Od naszego spotkania na dachu starałam się udawać, że nic między nami się nie wydarzyło. Skupiałam się na pracy i nie rozmawiałam z Wayne'm o tym, co stało się na dachu. On również nie próbował o tym porozmawiać, dlatego udawałam, że tamten pocałunek nie miał miejsca.
Ale...
Gdy był blisko mnie moje serce podążało w dziki galop. Na plecach pojawiła się gęsia skórka, a gdy przypadkowo dotknął mnie swoją dłonią, moja skóra płonęła, żądając więcej uwagi. Usta mrowiły, przypominając o pocałunku, który musiałam wymazać z pamięci.
Im bardziej starałam się o nim zapomnieć, tym częściej przenosiłam się myślami na dach akademika, gdzie otworzyliśmy się sobą. To było coś więcej niż zwykła rozmowa. Odsłoniliśmy przed sobą dusze.
Uderzając telefonem o przedramię, zaklaskałam, widząc jak wspinał się po schodach na piętro.
— Spóźniłeś się. — Podałam mu papierową torebkę ze śniadaniem, w której znajdowało się świeże pieczywo. Do drugiej dłoni wcisnęłam mu kubek gorącej kawy. Bez mleka i żadnych kostek cukru. Równie gorzka co jego nieprzewidywalne gangsterskie życie.
— Mówiłem ci, że nie przyjdę. — Otworzył torbę i zaciągnął się zapachem pieczywa. Codziennie kupowałam mu ten sam zestaw, a on i tak za każdym razem reagował tak samo. Zaczęłam odnosić wrażenie, że miał wyjątkowo wrażliwe nozdrza, bo wtrącał nosa we wszystko, co wydawało z siebie przyjemny zapach.
— A jednak się zjawiłeś.
— Bo nie dałaś mi spać, bombardując mnie wiadomościami. — Uśmiechnęłam się pod nosem.

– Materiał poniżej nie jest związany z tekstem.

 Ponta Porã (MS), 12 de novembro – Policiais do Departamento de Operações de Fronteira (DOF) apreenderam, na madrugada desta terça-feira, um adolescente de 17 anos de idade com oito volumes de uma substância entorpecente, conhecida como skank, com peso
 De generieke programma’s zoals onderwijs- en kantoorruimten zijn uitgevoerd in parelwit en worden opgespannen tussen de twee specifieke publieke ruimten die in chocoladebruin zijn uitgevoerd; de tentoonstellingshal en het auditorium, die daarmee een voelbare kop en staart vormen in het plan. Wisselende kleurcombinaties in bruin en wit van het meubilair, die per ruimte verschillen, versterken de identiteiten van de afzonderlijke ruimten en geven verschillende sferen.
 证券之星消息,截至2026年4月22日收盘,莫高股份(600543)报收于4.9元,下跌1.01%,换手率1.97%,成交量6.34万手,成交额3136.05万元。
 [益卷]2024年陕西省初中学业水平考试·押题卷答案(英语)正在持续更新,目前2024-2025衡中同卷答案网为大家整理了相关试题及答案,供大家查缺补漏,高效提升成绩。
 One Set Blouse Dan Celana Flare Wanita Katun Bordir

Od samego poranka wydzwaniałam do niego. Z początku odrzucał moje połączenia. Szybko zorientowałam się, że śmiał mnie zablokować, dlatego postanowiłam się na nim odegrać i zaczęłam dzwonić z telefonów Kate i Melody, aż w końcu odebrał i przemówił do słuchawki zaspanym głosem.

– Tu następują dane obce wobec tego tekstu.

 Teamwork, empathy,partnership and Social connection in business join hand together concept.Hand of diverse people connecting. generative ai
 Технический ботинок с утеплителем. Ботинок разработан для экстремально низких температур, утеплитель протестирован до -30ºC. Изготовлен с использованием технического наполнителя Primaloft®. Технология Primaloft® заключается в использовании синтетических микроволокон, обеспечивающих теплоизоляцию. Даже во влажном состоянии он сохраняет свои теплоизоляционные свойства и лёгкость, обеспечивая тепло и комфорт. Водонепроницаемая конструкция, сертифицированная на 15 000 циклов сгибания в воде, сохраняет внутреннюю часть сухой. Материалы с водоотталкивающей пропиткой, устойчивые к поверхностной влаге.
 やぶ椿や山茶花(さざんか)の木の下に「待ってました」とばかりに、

Cholernie zachrypniętym i seksownym głosem, który przyprawiał mnie o ciarki.
— To moja praca, pamiętasz? Wiem od Kelly, która wie od Jessici, której przyjaciółka to siostrzenica profesorka, że dziś będzie lista obecności, dzięki której zaliczysz przedmiot bez pisania egzaminu.

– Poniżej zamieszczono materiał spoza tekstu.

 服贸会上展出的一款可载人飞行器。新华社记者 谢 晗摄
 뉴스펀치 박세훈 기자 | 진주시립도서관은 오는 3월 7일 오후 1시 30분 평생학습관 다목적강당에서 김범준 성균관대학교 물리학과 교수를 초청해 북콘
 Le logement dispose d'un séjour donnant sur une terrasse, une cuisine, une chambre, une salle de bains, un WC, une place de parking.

— Nie mogłaś sama wpisać mnie na tę listę? — zapytał z pełną buzią, a potem zbliżył usta do papierowego kubeczka i napił się kawy.
— Nie, bo to byłoby oszustwo.
Na jego ramieniu pojawiła się kobieca dłoń, którą zdobiły srebrne pierścionki.
— Cześć, Wayne. — Raquel uśmiechnęła się uroczo. — Dlaczego przestałeś odpowiadać mi na wiadomości? — Uderzyła go w ramię i puściła oczko, na co miałam ochotę zwymiotować. — Wysłałam ci całkiem ciekawe zdjęcia, które na pewno chciałbyś zobaczyć.
— Zablokowałem cię — odpowiedział niewyraźnie, wciąż przeżuwając pieczywo.
Raquel gwałtownie zamrugała.
— Co takiego?
— Nie jestem tobą zainteresowany. — Parsknęłam i ukryłam śmiech, przyciągając dłoń do nosa. W najskrytszych snach nie przypuszczałam, że będę światkiem sceny, gdzie Raquel dostaje kosza. I to od samego Wayne'a Baldoviniego.
Stojące za nią koleżanki wydały się równie zszokowane. Patrzyły po sobie, wymieniając się porozumiewawczymi spojrzeniami.
— Ale przecież... Dlaczego?! — wrzasnęła, tupiąc nogą jak mała dziewczynka. Posłała mi lodowate spojrzenie, bo znów z mojego gardła wydostał się cichy chichot. — Trzymasz się z tą frajerką, a mnie ignorujesz. Czy ty wiesz, kim ja tutaj jestem?
![](https://img.wattpad.com/cover/351291727-288-k476686.jpg)
CZYTASZ
DARK FLAMES [TRYLOGIA FLAMES] +16
RomanceCzy można pożądać złoczyńcy? A pragnąć mordercy? Na uroczym kampusie ginie jedna ze studentek. Kate, jej współlokatorka nie lubi zmarłej Sage, bo dziewczyna często spędzała czas z jej byłym. Sage była też powodem rozstania pary. Kate odnajduje jej p...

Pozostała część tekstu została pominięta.